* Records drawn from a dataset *
※
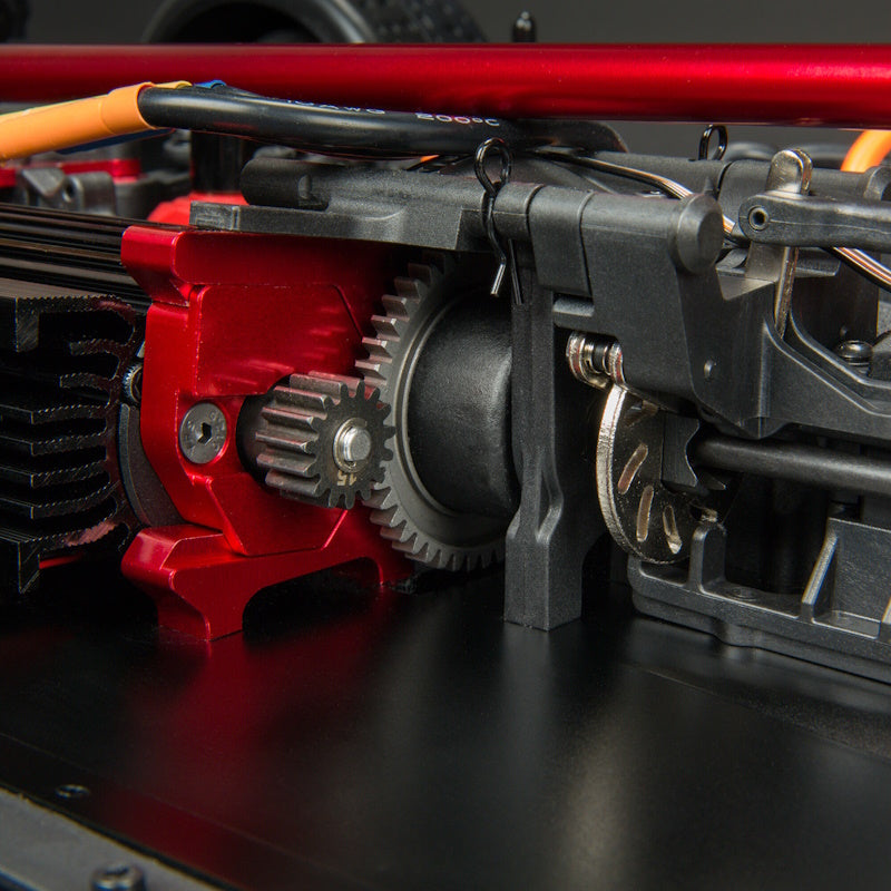 Underneath those streamlined Street Bash looks is a chassis which proves to the world, once again, that ARRMA® builds the most durable bashers. The 6061-T6 anodized aluminum chassis houses a heavy-duty drivetrain with steel driveshafts, plus all-metal diff outdrives and gearbox internals. Updated internal gears feature a new tooth profile for increased strength. A lower internal gear ratio reduces the center line transmission RPM, reducing the center drive shaft resonance and increasing drivetrain durability. Chassis toughness is reinforced with a center brace. Bearings are rubber-shielded, and the adjustable, oil-filled, anodized aluminum shocks are mounted on strong, black-anodized aluminum shock towers.
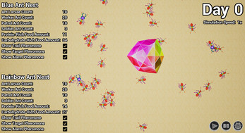 Ant Colony Simulator is an interactive simulation that presents the behavior and development of an ant colony in a dynamic environment. The simulation is based on realistic mechanics inspired by behaviors observed in nature, allowing players to observe how simple rules at the individual level lead to complex collective behavior across the entire colony.
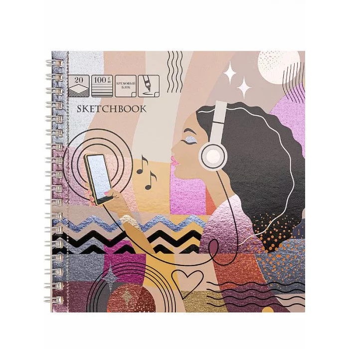 Скетчбук 20л. ДЕВУШКА С ПЛЕЕРОМ (20-5172)греб,гл.лам,микроп на отрыв,твин-лак,хол.фольга 160х160мм
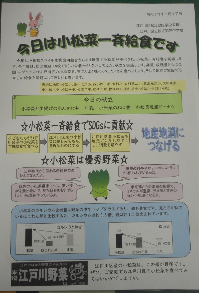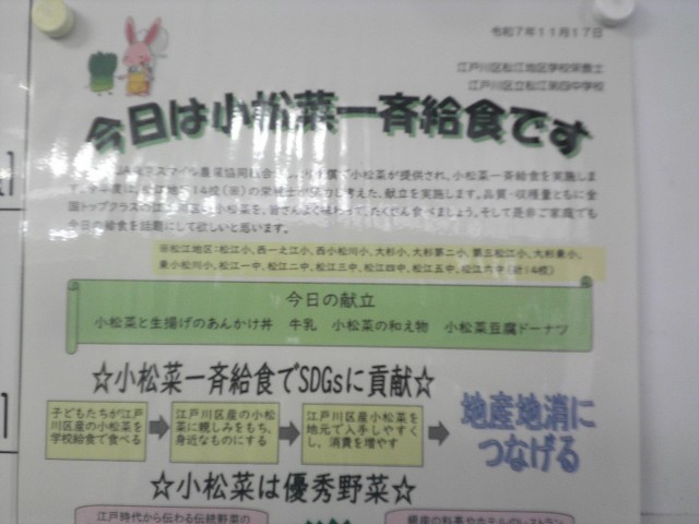 今日、11月17日は小松菜一斉給食(松江地区統一献立)です。
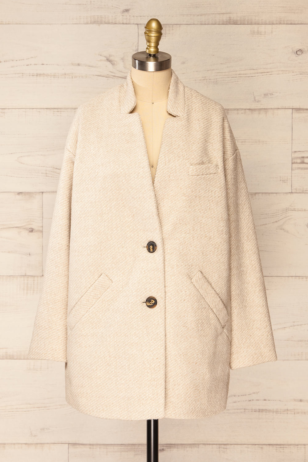 This short felt coat will be your new go-to this fall season! This classic piece will be easy to pair with the rest of your wardrobe thanks to its simple and timeless look. Be sure to use its front pockets to keep your small essentials close.
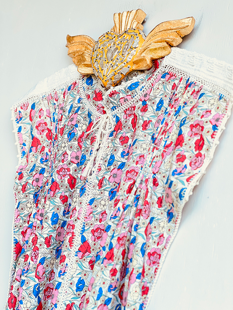 Ni un verano sin flores! Confeccionado en algodón con uniones en crochet hechas a mano. Talla única.
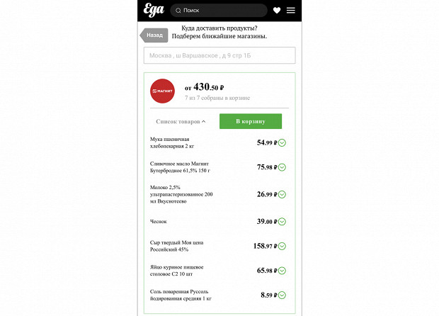 3. Ниже под полем для адреса вы увидите варианты корзин продуктов, сформированных с учетом того, какие магазины доставляют продукты по вашему адресу. Сервис покажет вам список магазинов. Выберите тот, который вам больше нравится, или тот, чья цена вас больше устраивает.
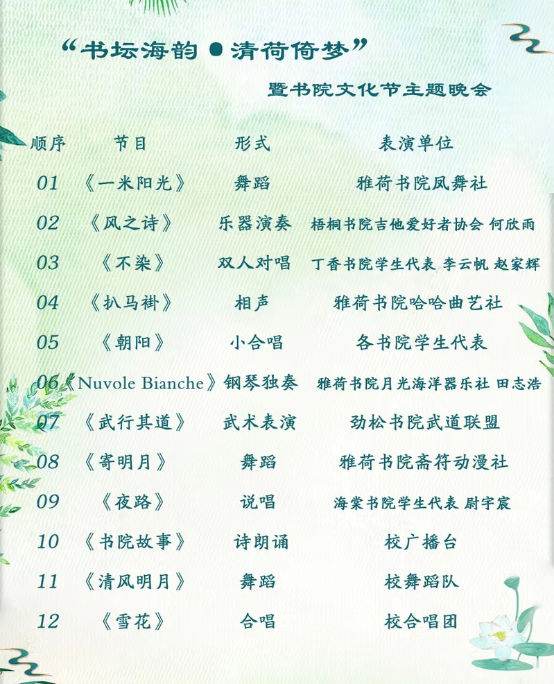金风爽,金桂香,伴随着空气中弥漫着的桂花的清香和大地上铺满着的落叶的温柔,十月倏然而至。为营造良好氛围,弘扬书院文化,加深沟通交流,展现大学生良好的精神风貌,第二届“书坛海韵·清荷倚梦”暨书院文化节主题晚会将于10月9日晚在音乐广场举行。
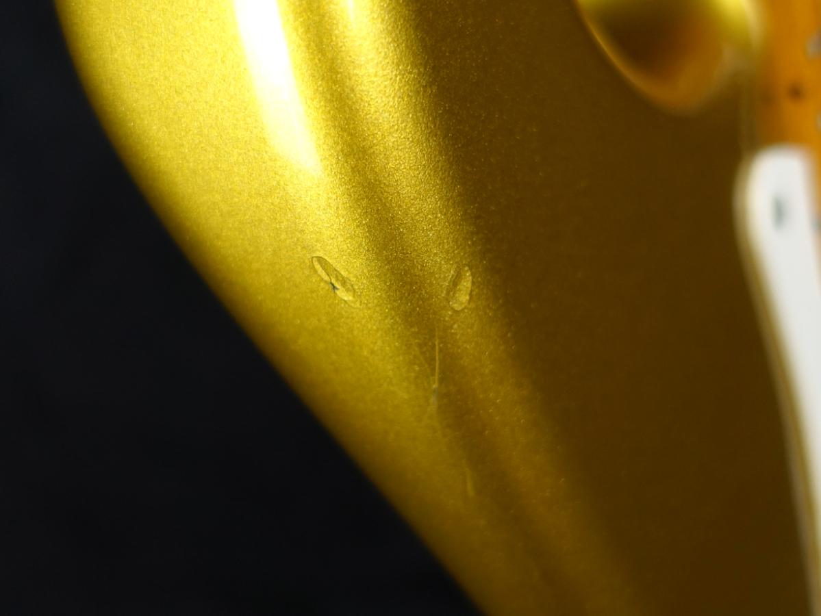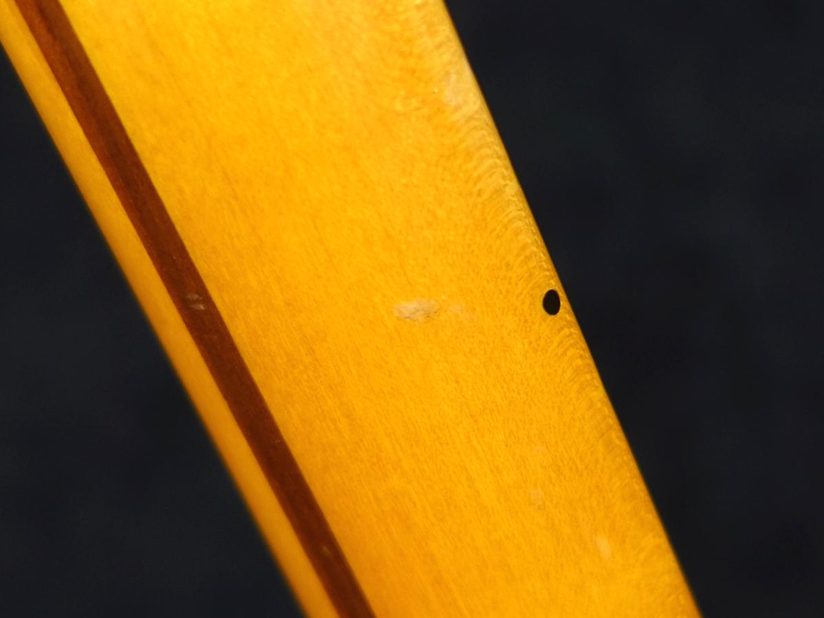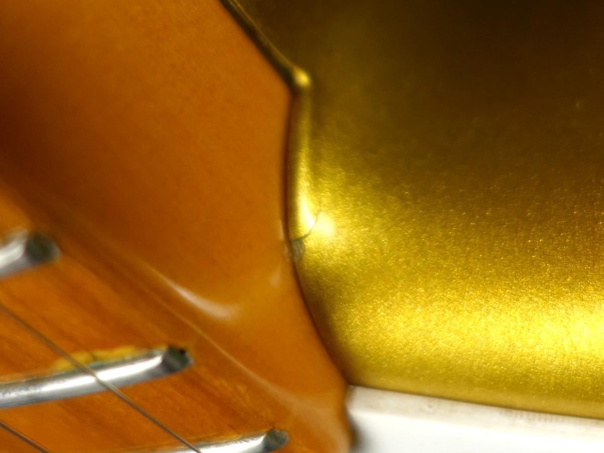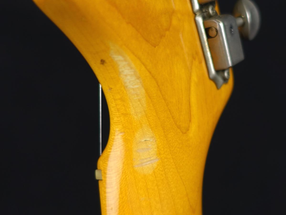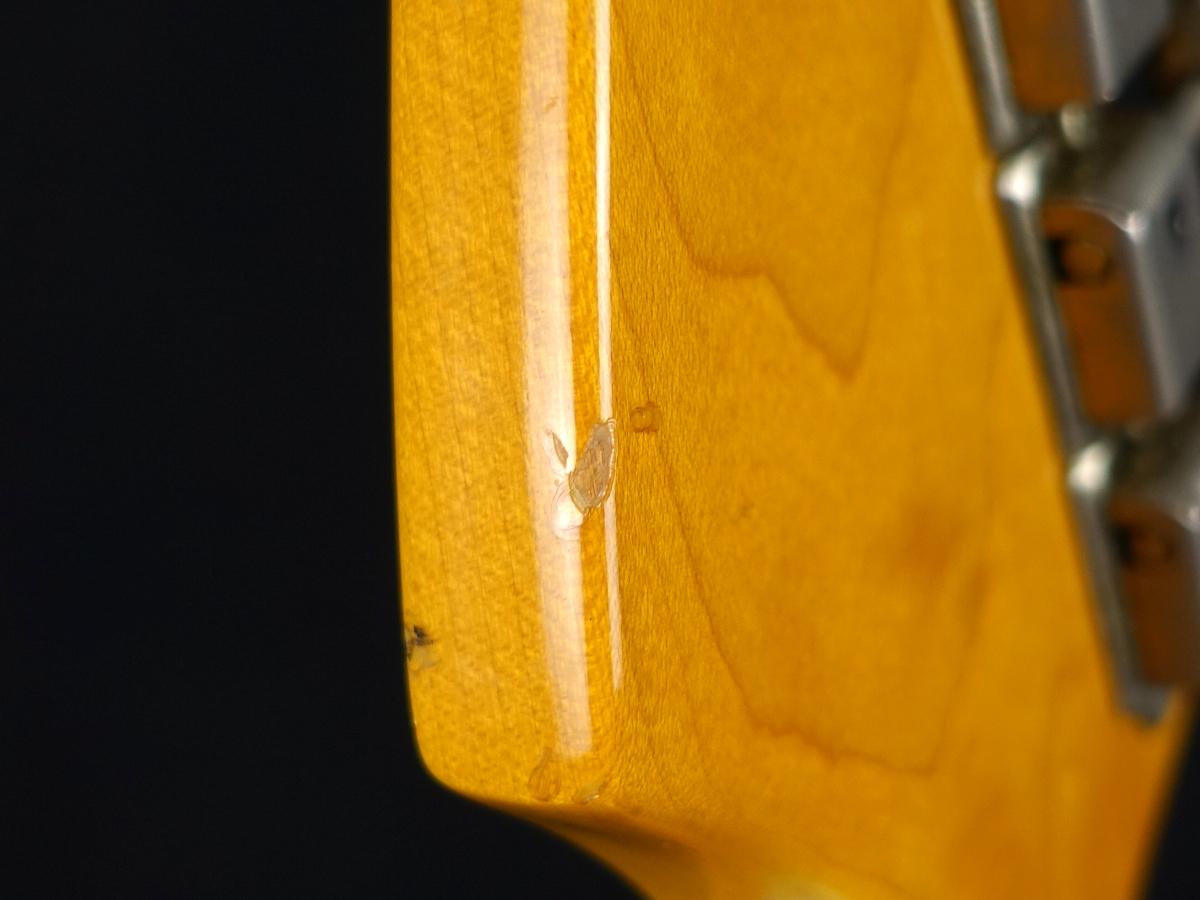 目立った箇所ではヘッド裏~ネック裏にかけてくびれている箇所に無数の打痕及び塗装剥がれ、ヘッドエッジ部や指板(ナット付近やフレット際等)に塗装欠け打痕等が見受けられる他、ネック全体に塗装のウェザーチェックも散見されます。
※
* What is needed *
An exact copy is required of the lines from the one holding "Ni un verano" to the end of the entries above, both included; no pictures belong in it.

* Response area *
 Ni un verano sin flores! Confeccionado en algodón con uniones en crochet hechas a mano. Talla única.
 3. Ниже под полем для адреса вы увидите варианты корзин продуктов, сформированных с учетом того, какие магазины доставляют продукты по вашему адресу. Сервис покажет вам список магазинов. Выберите тот, который вам больше нравится, или тот, чья цена вас больше устраивает.
金风爽,金桂香,伴随着空气中弥漫着的桂花的清香和大地上铺满着的落叶的温柔,十月倏然而至。为营造良好氛围,弘扬书院文化,加深沟通交流,展现大学生良好的精神风貌,第二届“书坛海韵·清荷倚梦”暨书院文化节主题晚会将于10月9日晚在音乐广场举行。
 目立った箇所ではヘッド裏~ネック裏にかけてくびれている箇所に無数の打痕及び塗装剥がれ、ヘッドエッジ部や指板(ナット付近やフレット際等)に塗装欠け打痕等が見受けられる他、ネック全体に塗装のウェザーチェックも散見されます。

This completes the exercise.